*PROBLEM*
Starting with the line that has "10 子どもの部 優秀賞③ (栗虫玲羽・富山県・13歳)" and finishing with the line that has "శుభ్రనీటిని తుమ్మలకుంట చెరువులోకి", set down each line below exactly. Pictures are not copied.

*SOURCE INFORMATION*
----

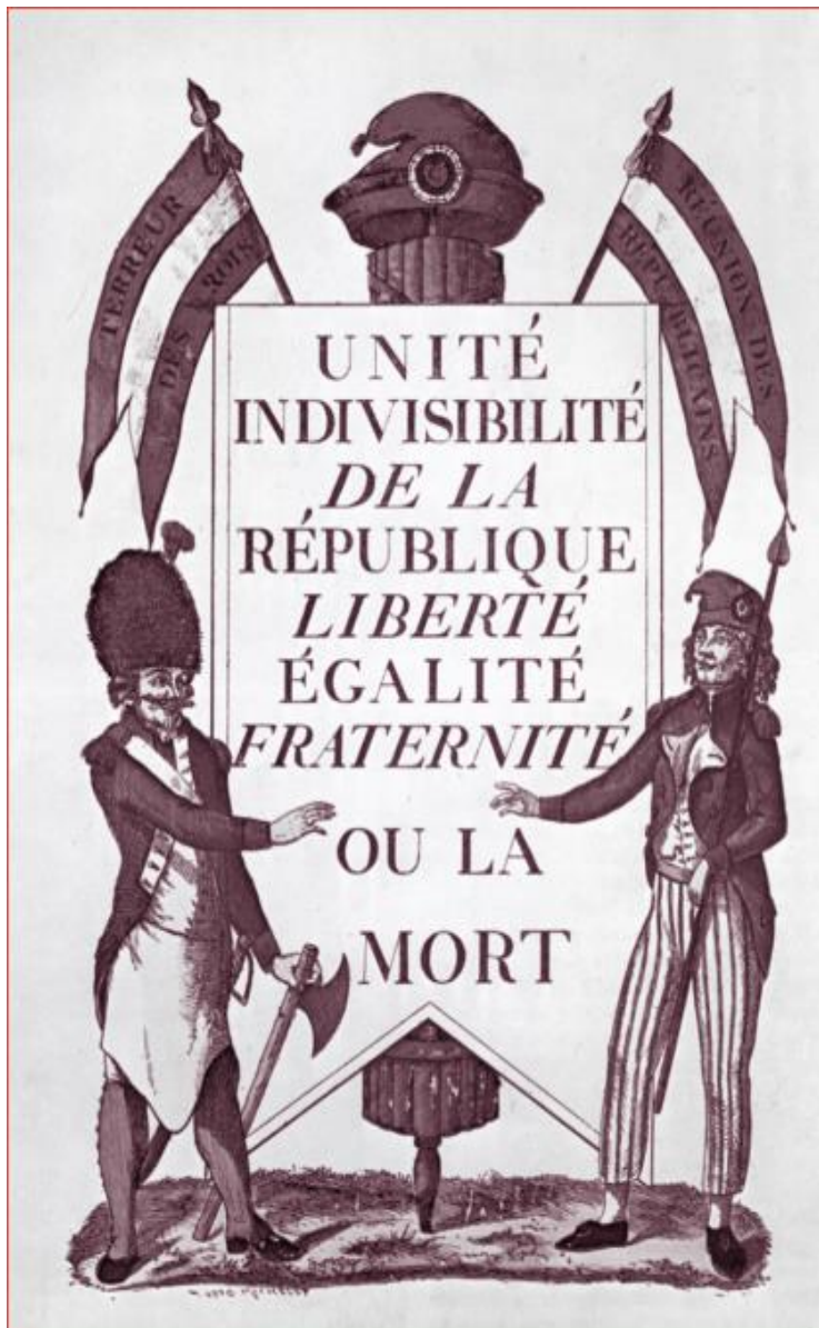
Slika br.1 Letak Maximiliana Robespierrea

----

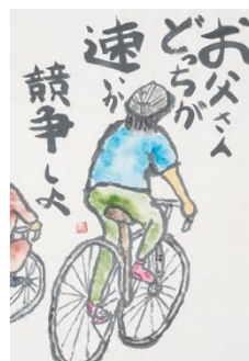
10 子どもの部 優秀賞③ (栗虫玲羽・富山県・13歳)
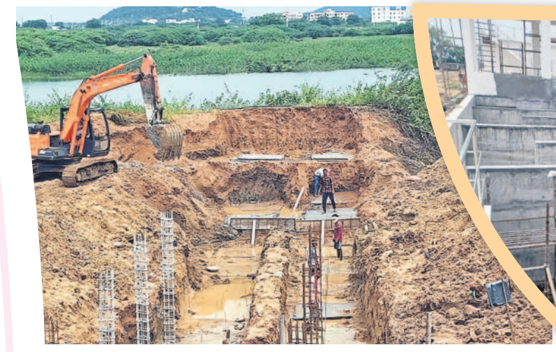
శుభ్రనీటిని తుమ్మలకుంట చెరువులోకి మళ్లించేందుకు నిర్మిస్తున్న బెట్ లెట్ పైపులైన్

----

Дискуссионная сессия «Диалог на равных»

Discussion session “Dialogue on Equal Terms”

----

*YOUR SOLUTION*
10 子どもの部 優秀賞③ (栗虫玲羽・富山県・13歳)
శుభ్రనీటిని తుమ్మలకుంట చెరువులోకి మళ్లించేందుకు నిర్మిస్తున్న బెట్ లెట్ పైపులైన్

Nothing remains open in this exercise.